Restate the data word for word. Leave the pictures out.

--- Dataset records Enclosed Below ---

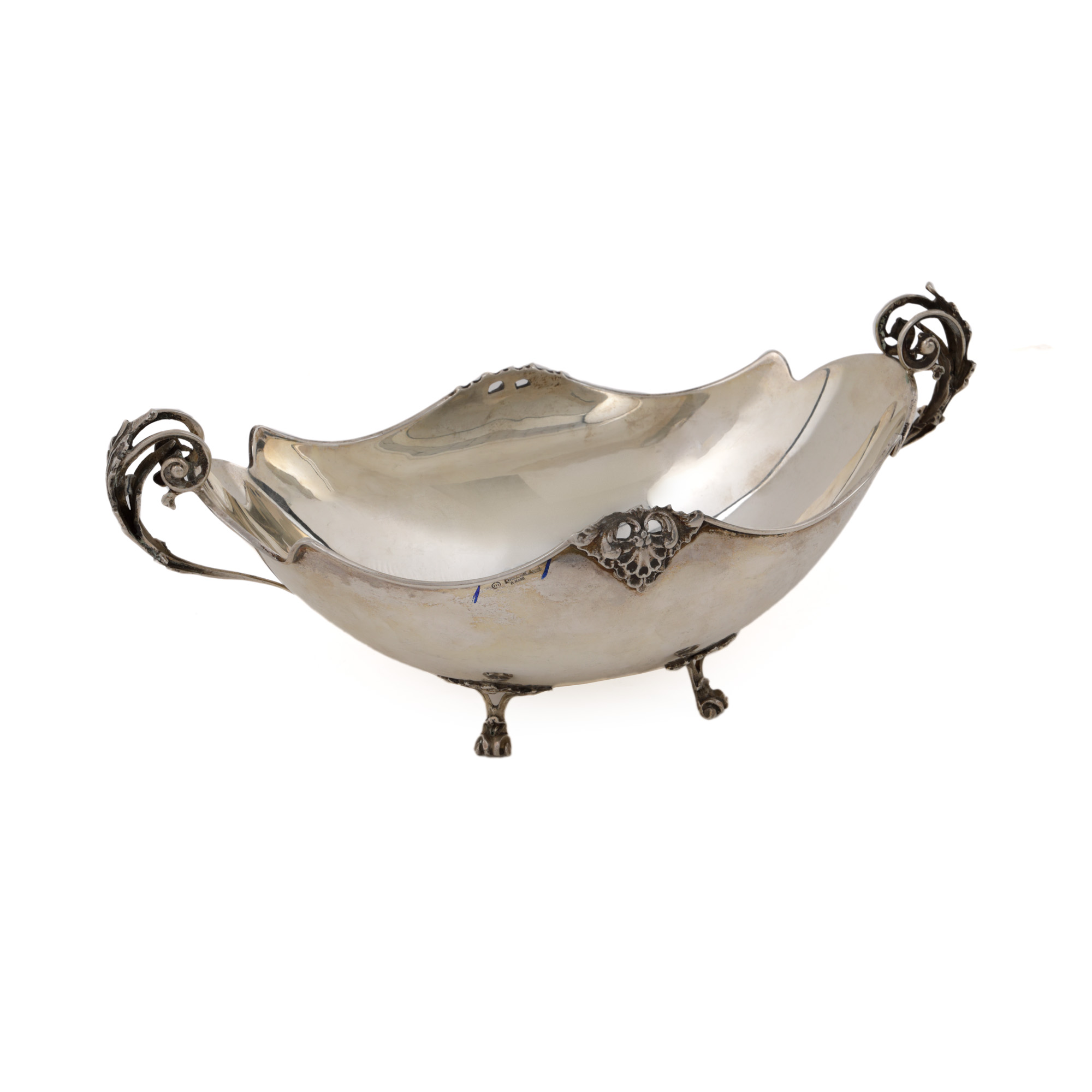 44. Elegantă fructieră din argint, decorată cu motive Rocaille, prima jumătate a sec. XX
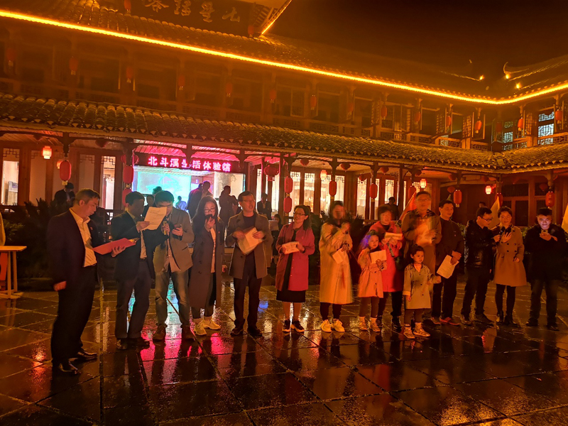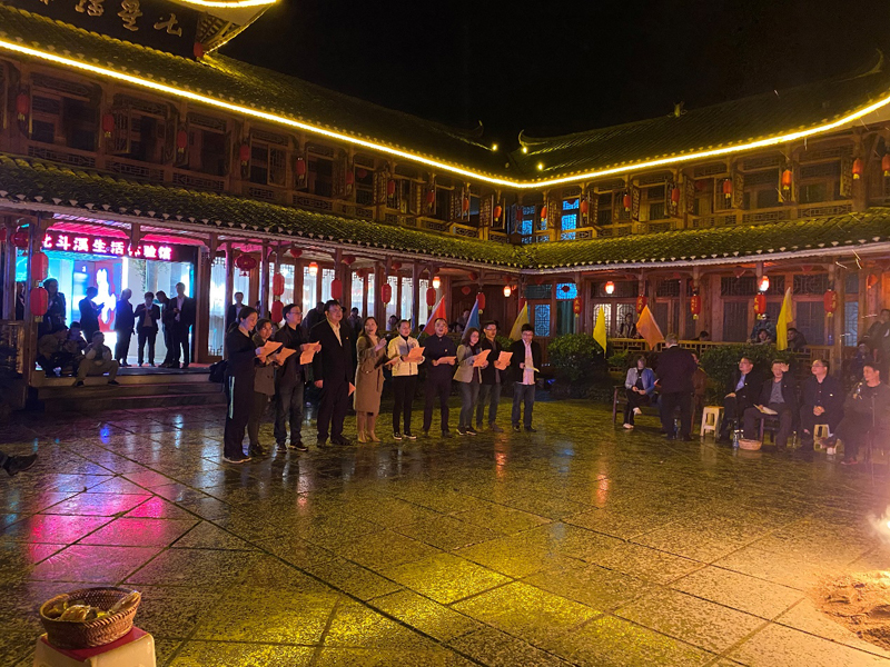 夜幕降临后,当地村民在小镇的文化广场中间燃起了熊熊大火。老师们和当地村民围坐一圈,在轻松愉快的氛围下举行“湖南师范大学Beat365唯一官方网站、溆浦县北斗溪镇‘颂党恩,跟党走’”联欢晚会。既有脍炙人口的红歌联唱,也有慷慨激昂的爱国诗歌朗诵;既有神秘的魔术表演和热情的花瑶族舞,也有搞笑易懂的三句半;既有紧张兴奋的游戏互动,亦有新老职工及当地村民的谈心交流。学院党委书记彭才华等院领导极具感染力的诗歌朗诵节目《可爱的中国》使整场晚会达到最高潮。大家在领略革命烈士方志敏爱国情怀的同时,也在领导们声情并茂的表演下备受鼓舞。整场晚会在火光映衬下,你方唱罢我登场,载歌载舞尽欢颜!最后溆浦县人民政府副县长、北斗溪镇党委书记梁金华发言,她对学院支持地方发展所做的工作表示感谢,并希望双方进一步加强校地合作,为乡村振兴继续贡献智慧和力量!
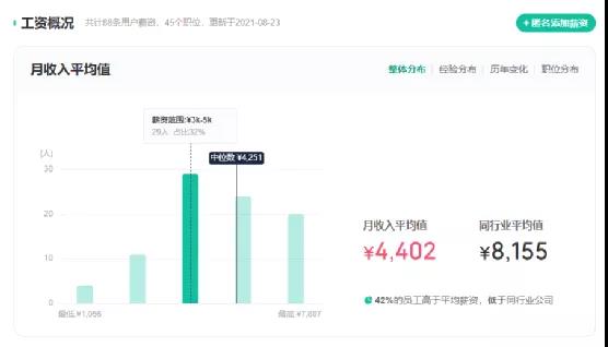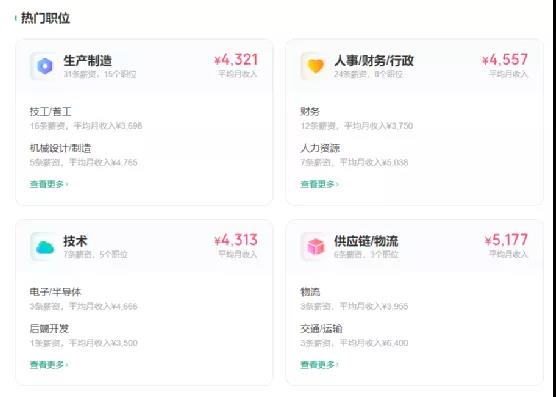 其中月薪最高7807元,最低1056元,熱門職位中生產(chǎn)制造平均月收入為4321元,供應(yīng)鏈/物流為5177元。擁有2年經(jīng)驗(yàn)的生產(chǎn)操作員,月薪7807元,無經(jīng)驗(yàn)的普工操作工月薪1500元。
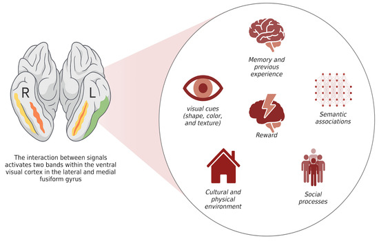 Modulatory Factors of Activation in the Ventral Visual Cortex. Among the modulatory factors are visual cues (shape, colour, texture), memory and prior experiences, the reward system, semantic associations, social processes, and the cultural and physical environment. Together, these elements contribute to establishing and refining food representations within the ventral visual cortex. As reported by Jain et al. (2023) [28], such representations are organised along gradual dimensions that reflect the prominence of food within the image (foreground vs. background), visual scale (close-up detail vs. scene context), and the presence or absence of social context. The spatial variability of these regions across individuals suggests that food representations are flexible and modulated by experience, cultural exposure, and reward history, rather than rigidly pre-specified. Figure created with BioRender®.
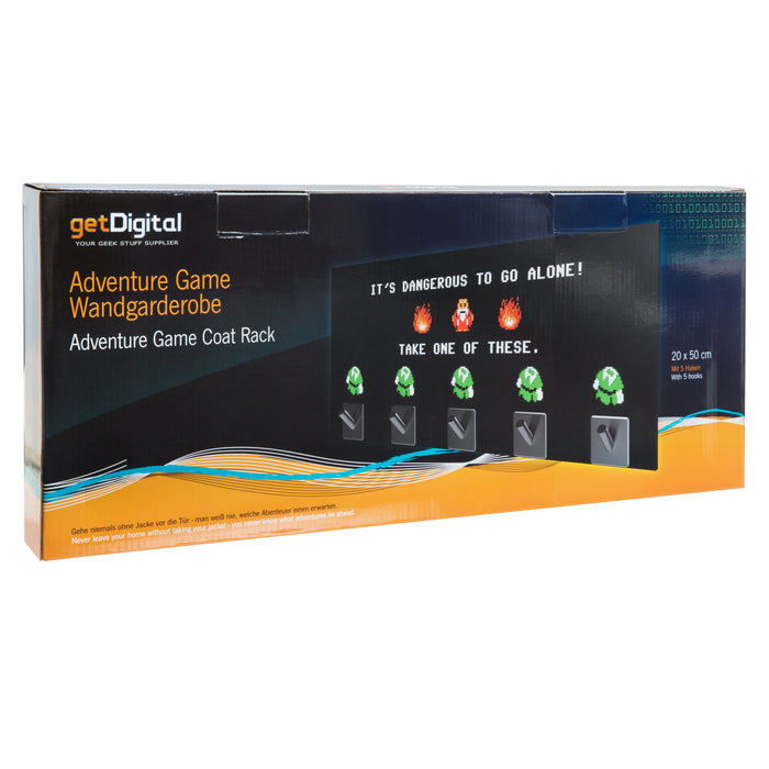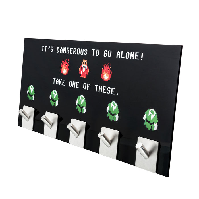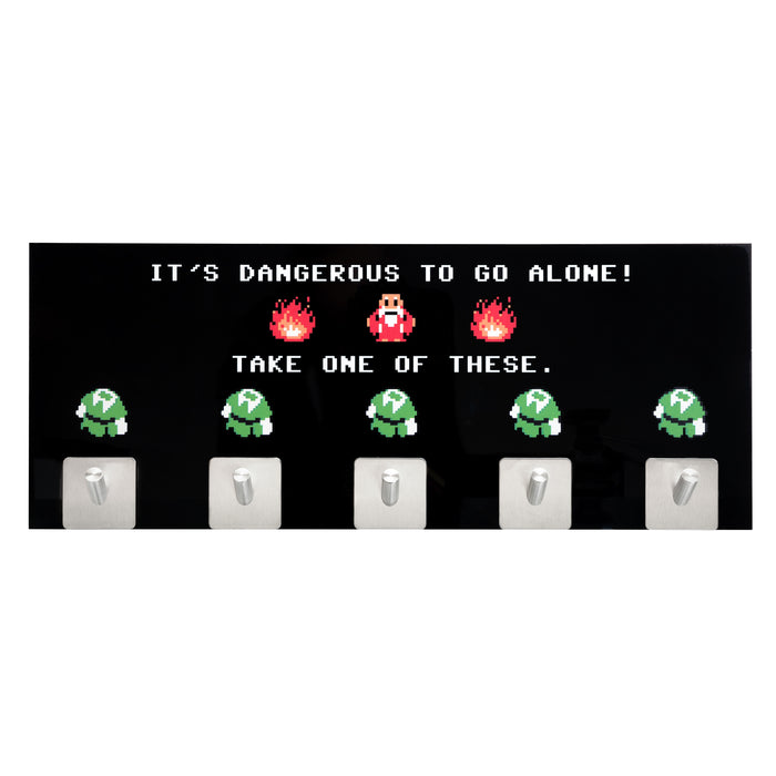 Por suerte, el perchero de pared Juego de Aventuras te recuerda que debes estar bien vestido antes de salir de casa (¡tu madre estaría orgullosa de ti!). El perchero de cristal acrílico está adornado con una imagen de un legendario videojuego en la que un sabio te advierte de los peligros de la vida cotidiana. Los cinco ganchos metálicos pueden sostener suficientes conjuntos de armadura para cada día de trabajo, y el perchero también se puede montar a prueba de bombas en la pared con tornillos o clavos (no incluidos).

--- End of Enclosed Dataset records ---

Your solution:
 44. Elegantă fructieră din argint, decorată cu motive Rocaille, prima jumătate a sec. XX
 夜幕降临后,当地村民在小镇的文化广场中间燃起了熊熊大火。老师们和当地村民围坐一圈,在轻松愉快的氛围下举行“湖南师范大学Beat365唯一官方网站、溆浦县北斗溪镇‘颂党恩,跟党走’”联欢晚会。既有脍炙人口的红歌联唱,也有慷慨激昂的爱国诗歌朗诵;既有神秘的魔术表演和热情的花瑶族舞,也有搞笑易懂的三句半;既有紧张兴奋的游戏互动,亦有新老职工及当地村民的谈心交流。学院党委书记彭才华等院领导极具感染力的诗歌朗诵节目《可爱的中国》使整场晚会达到最高潮。大家在领略革命烈士方志敏爱国情怀的同时,也在领导们声情并茂的表演下备受鼓舞。整场晚会在火光映衬下,你方唱罢我登场,载歌载舞尽欢颜!最后溆浦县人民政府副县长、北斗溪镇党委书记梁金华发言,她对学院支持地方发展所做的工作表示感谢,并希望双方进一步加强校地合作,为乡村振兴继续贡献智慧和力量!
 其中月薪最高7807元,最低1056元,熱門職位中生產(chǎn)制造平均月收入為4321元,供應(yīng)鏈/物流為5177元。擁有2年經(jīng)驗(yàn)的生產(chǎn)操作員,月薪7807元,無經(jīng)驗(yàn)的普工操作工月薪1500元。
 Modulatory Factors of Activation in the Ventral Visual Cortex. Among the modulatory factors are visual cues (shape, colour, texture), memory and prior experiences, the reward system, semantic associations, social processes, and the cultural and physical environment. Together, these elements contribute to establishing and refining food representations within the ventral visual cortex. As reported by Jain et al. (2023) [28], such representations are organised along gradual dimensions that reflect the prominence of food within the image (foreground vs. background), visual scale (close-up detail vs. scene context), and the presence or absence of social context. The spatial variability of these regions across individuals suggests that food representations are flexible and modulated by experience, cultural exposure, and reward history, rather than rigidly pre-specified. Figure created with BioRender®.
 Por suerte, el perchero de pared Juego de Aventuras te recuerda que debes estar bien vestido antes de salir de casa (¡tu madre estaría orgullosa de ti!). El perchero de cristal acrílico está adornado con una imagen de un legendario videojuego en la que un sabio te advierte de los peligros de la vida cotidiana. Los cinco ganchos metálicos pueden sostener suficientes conjuntos de armadura para cada día de trabajo, y el perchero también se puede montar a prueba de bombas en la pared con tornillos o clavos (no incluidos).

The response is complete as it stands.